A couple of options (feel free to come up with anything else):
EDIT:
1. Component container class
from pypsa import components
n.add(components.Generators(), names, **kwargs) # Instance or class, see below
Pros:
- Best backwards compatibility
- Most discoverability
- Most future-proof and consistent with a potential custom Component class (only optional)
- Custom components support
- Most pythonic (IMHO)
- We don't have to change anything now
Cons:
- More code to add something
- Maybe too many different ways to add something, which could be confusing?
2. Add class
n.add.generators(names, **kwargs)
Pros:
- Similar to the statistics module\
- Discoverability, but not for default values
Cons:
- Custom components are a bit more hacky
- Needs deprecation
- Least pythonic (IMHO)
3. Function per component
n.add_generators(names, **kwargs)
Pros:
- Easy to use and pythonic
- Discoverability, but not for default values
- Honestly, I don't see more
Cons:
- Custom components
- Needs deprecation
| Option 1 | Option 2 | Option 3 | |
|---|---|---|---|
| Backwards compatibility | Yes | No, only via old method | No, only via old method |
| Component discoverability | Yes | Yes | Yes |
| Component attribute discoverability | Yes | Yes | Yes |
| Component attribute default value discoverability | Yes | No | No |
Hi, i see this has been lying dormant. Sorry for not moving on it. Thoughts:
Must-haves:
- Stay backwards compatible for a depreciation period, ie.
n.add("Generator", ...)would have to continue to work. - We need to test performance of the change (maybe construct a sector network and measure the times)
Interface:
PyPSA is currently lacking discoverability of the actual component names, which is what you address above by what you call component hints i think; but even more so of the allowed attributes (ie. is it p_max_pu or s_max_pu or committable, comittable (for those of us not being native english speakers). ie. i typically need the component docs open in a browser tab, when i design my model. This means, it would be good if pylance or jedi could see these argument options and could show meaningful doc strings about them, which i think is impossible with option 1, and would need option 2 or 3. I am not a big fan of the capital letter component names, so i have a slight preference for option 3: net.add_generators (but i would use the plural).

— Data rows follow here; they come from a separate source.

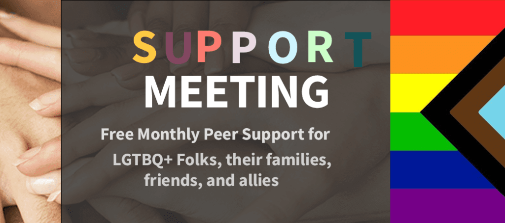 It’s a meeting that welcomes everyone. Members of the Board at PFLAG take turns facilitating the meetings. Sometimes we bring speakers, sometimes we bring starting topics. Sometimes YOU bring the topics.
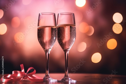 Cheers to the Night: Close-up of Champagne Glasses and Bokeh Lights, Generative AI
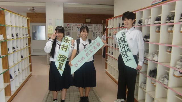 生徒会選挙に向けて、生徒玄関前で、あいさつ運動をしながら選挙活動をしていました。登校する生徒に向けて、爽やかにアピールをしていました。
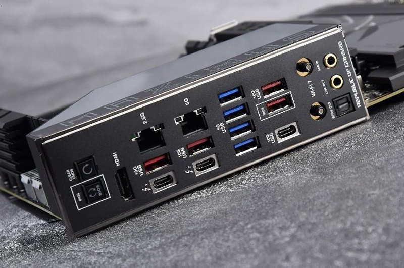 I/O区域,华硕 ROG MAXIMUS Z890 HERO 主板配备了丰富的USB接口,包含4组红色USB 3.2 Gen2 Type-A接口(10Gbps),4组蓝色USB 3.2 Gen1 Type-A接口(5Gbps),一USB 3.2 Gen2 Type-C接口,以及两个雷电4接口,这两个雷电接口还支持雷电共享。此外还提供2.5G+5G双有线网口以及WIFI 7无线网卡,这个WIFI 7无线网卡的天线接口还采用了更易安装的插拔式设计。
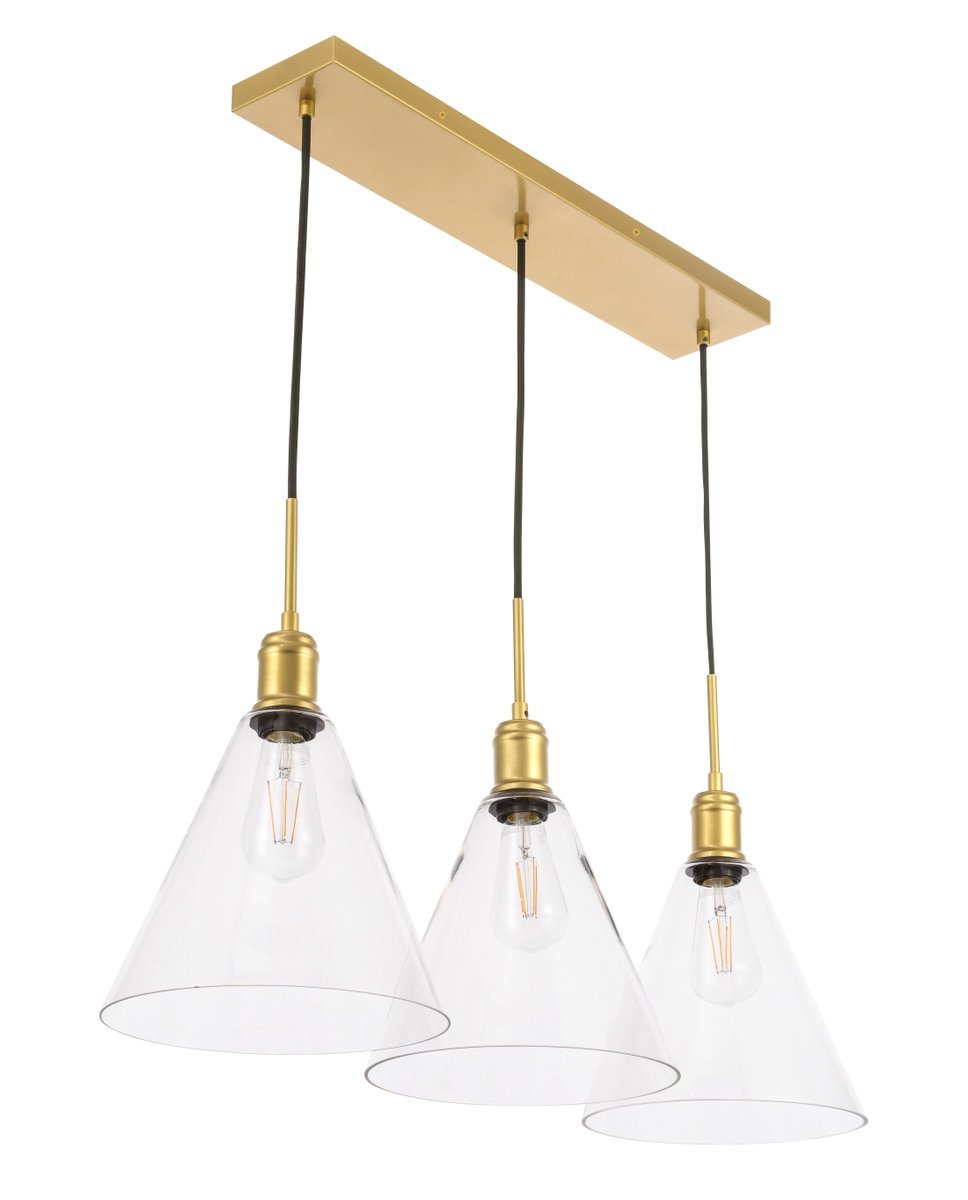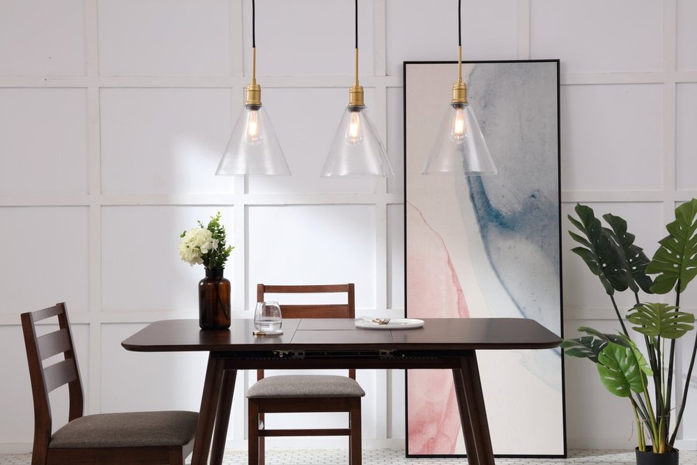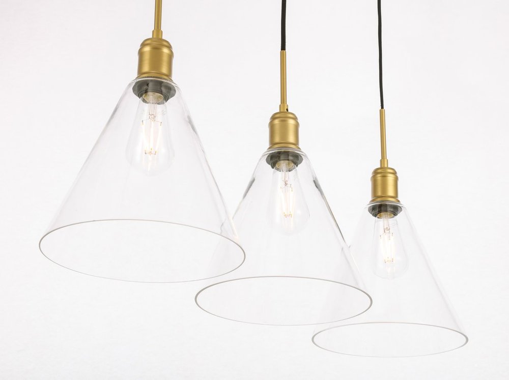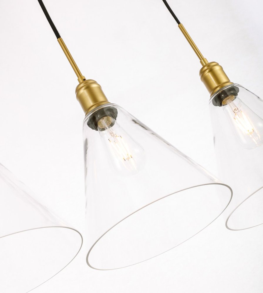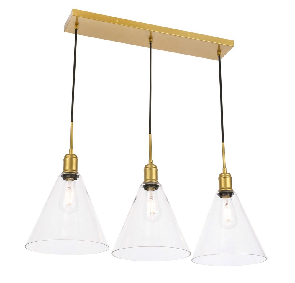 The Hugh Collection of hanging pendant lamps offer clean lines with its three round clear glass shades. Its size makes it the perfect fixture to illuminate small spaces, such as apartments in the city, but it is also bright enough to illuminate any larger spaces as well. Don't be limited to one place because this fixture is versatile with any design and location. Its light and welcoming brightness will surely brighten your day-today life. Available in black, chrome, or brass, enjoy modern day life with this contemporary style (light bulbs not included).
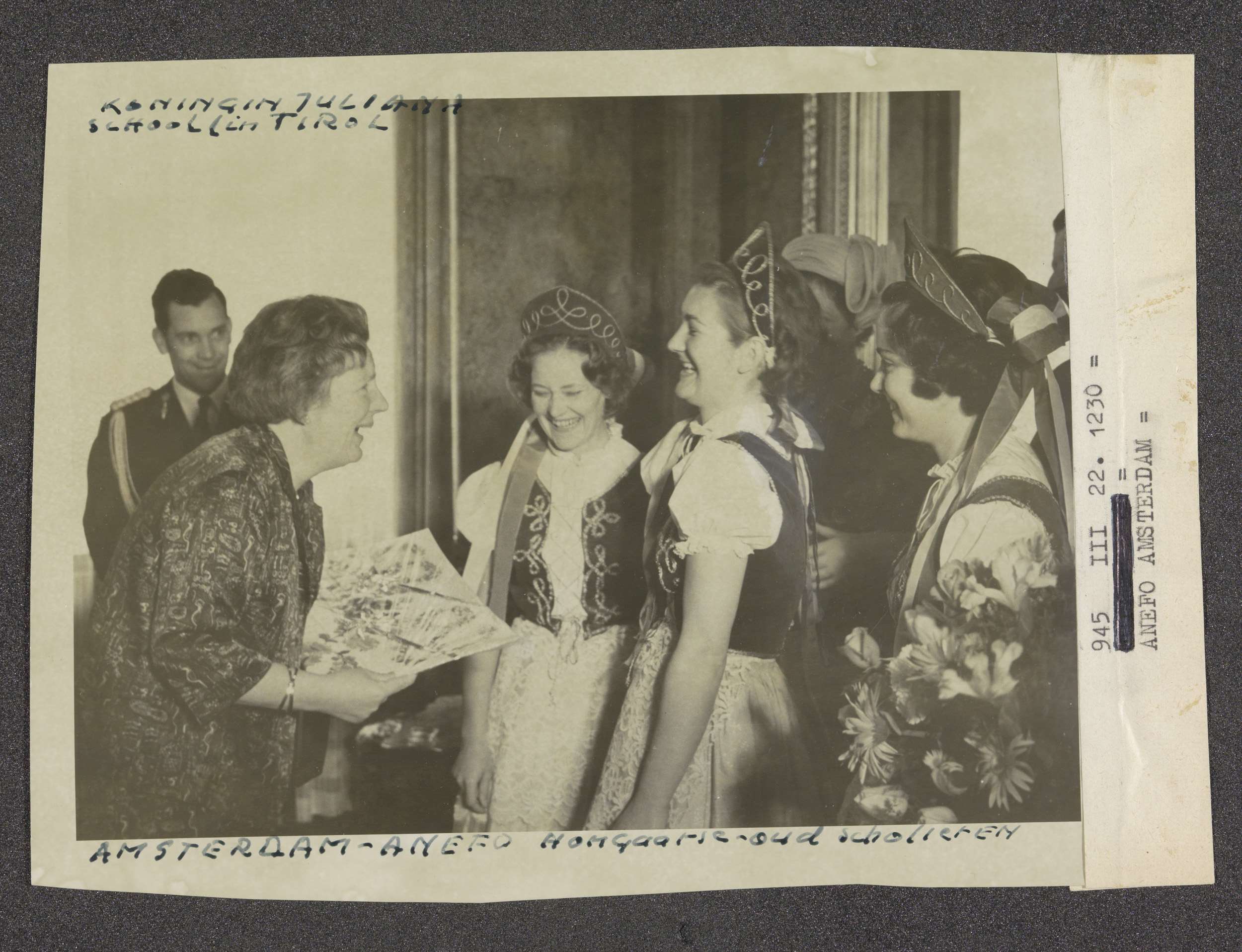 Koningin Juliana op bezoek op een school in Tirol

The drawback is the custom component system, which allows you to add new component types (not sure, if we autogenerated those methods, jedi or pylance would be able to show their doc strings).
Thanks for the proposal
If we are talking about api change, i also would like to try to gather everything up into objects eventually (ie. a Generators object, which holds the dataframes for static and dynamic attributes as well as adders).
net.generators -> net.generators.static (or df)
net.generators_t -> net.generators.varying (or pnl)
net.add("Generator", ...) -> net.generators.add(...)
But only to let it float once. Don't try to go there directly.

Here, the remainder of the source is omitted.